I am still baffled that not having breasts doesn’t bother me. There I was, trying on dress after dress, and all I could think about was that they looked better now than when the girls were trapped in there longing for freedom. The dresses that didn’t work I considered taking to a seamstress to take in the chest area, but decided I didn’t like them enough to make the investment.
Still, fit or not, it turned out to be great fun shopping in my own closet, each familiar dress unveiled as a potential new look and actually turning out to be just that, a brand new look for me. As a bonus, dresses I hadn’t worn in years, because I didn’t have the right bra, were no longer a problem. No more bra straps showing, no more side body flesh smooshed up into unnatural contours that none of us has when were not trussed up in a brassiere. Now, everything sits as it should, no fuss or muss. Clothes fit or they don’t, without consideration for the correct holsters for the ladies. No cramming or squashing or squeezing. Me and the dress, that’s it.
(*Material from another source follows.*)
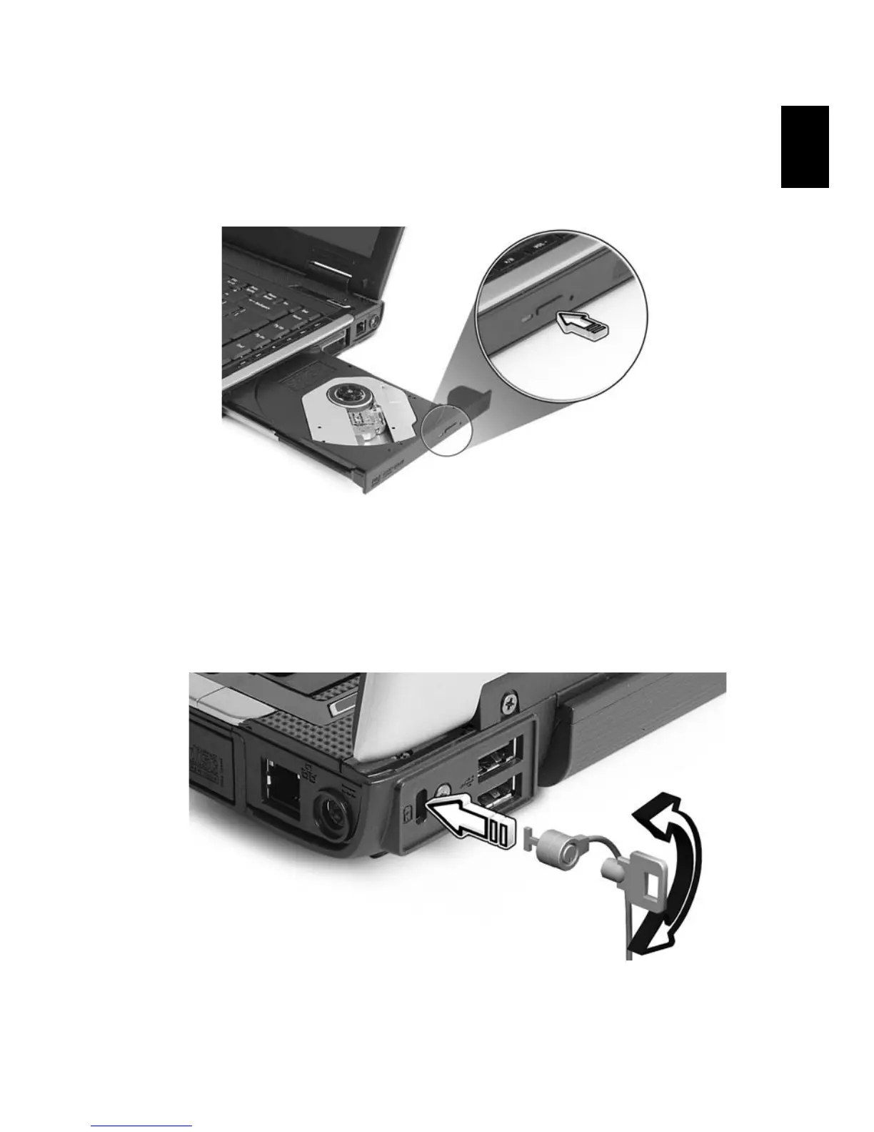 Insert a paper clip to the emergency eject hole to eject the optical drive tray

The women out there know what I’m talking about. I’ve never met a bra I really liked, and when you do finally find one that fits, it is guaranteed to wear out in three-to-four months and you’ll need a new one. By that time, the company that makes it will either have discontinued it or made enough changes to it that it’s unrecognizable and unwearable. Sure, we all flip longingly through the Victoria Secret catalogs, but my profession does not include sitting still in my underwear for a camera with most of my breast strategically on display, so let’s be realistic on that front. If you want what she’s wearing, be prepared to be sporting some serious cleavage. It is a great look for date night with your spouse, but not so great a look for the office.
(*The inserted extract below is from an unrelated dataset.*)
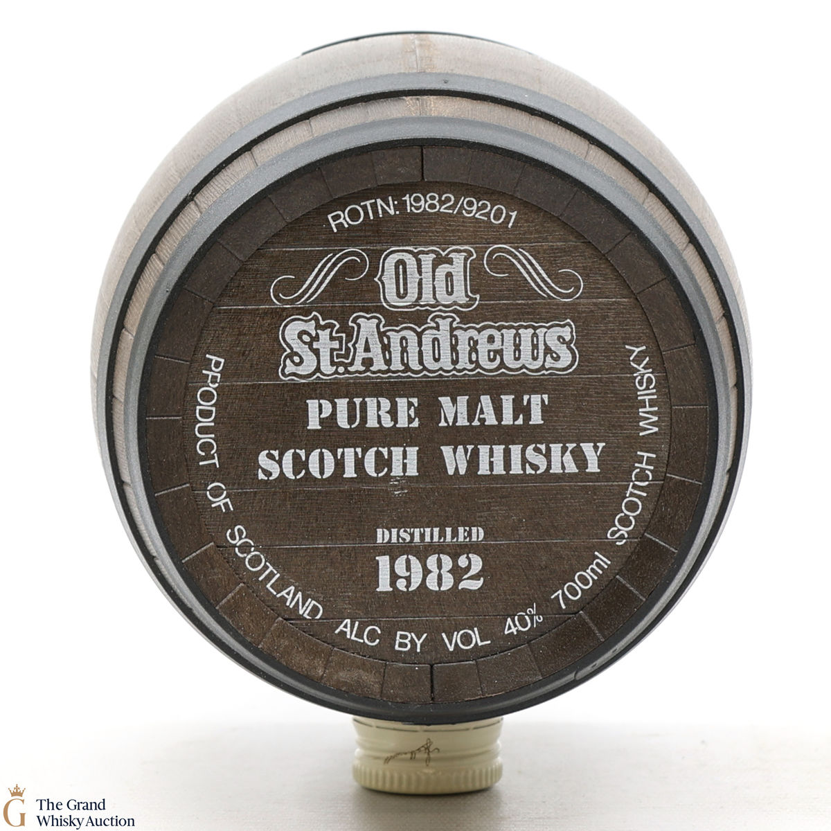 A barrel shaped bottling of Old St Andrews 1982 Pure Malt Scotch whisky (70cl), bottled in the early 1990s.

Can you tell I love the new me? Granted, life threw lemons at me so I’m making gallons of lemonade, but consider it. What would life be like without the trappings of convention? Without the requirement of a breast code that ensures we fit into the social circle we have been thrown into? Me, I swim along with everyone else without a sideways glance. I feel like I’m the lucky winner of some sort of free breast pass. It’s kind of cool, if I do say so myself.
Okay, before I sign off, I want to remind everyone, attitude is everything. I think my free pass come from the fact that I have given myself a free pass. I neither call attention to nor detract from the changes in my physique. Honestly, I don’t give them a second thought. I am wearing the same wardrobe pre- and post-mastectomy with the exception of a bag of bras I couldn’t donate to Good Will fast enough. My clothes are an expression of the joy I feel to be blessed to hitch a ride in this body for this life. Are yours?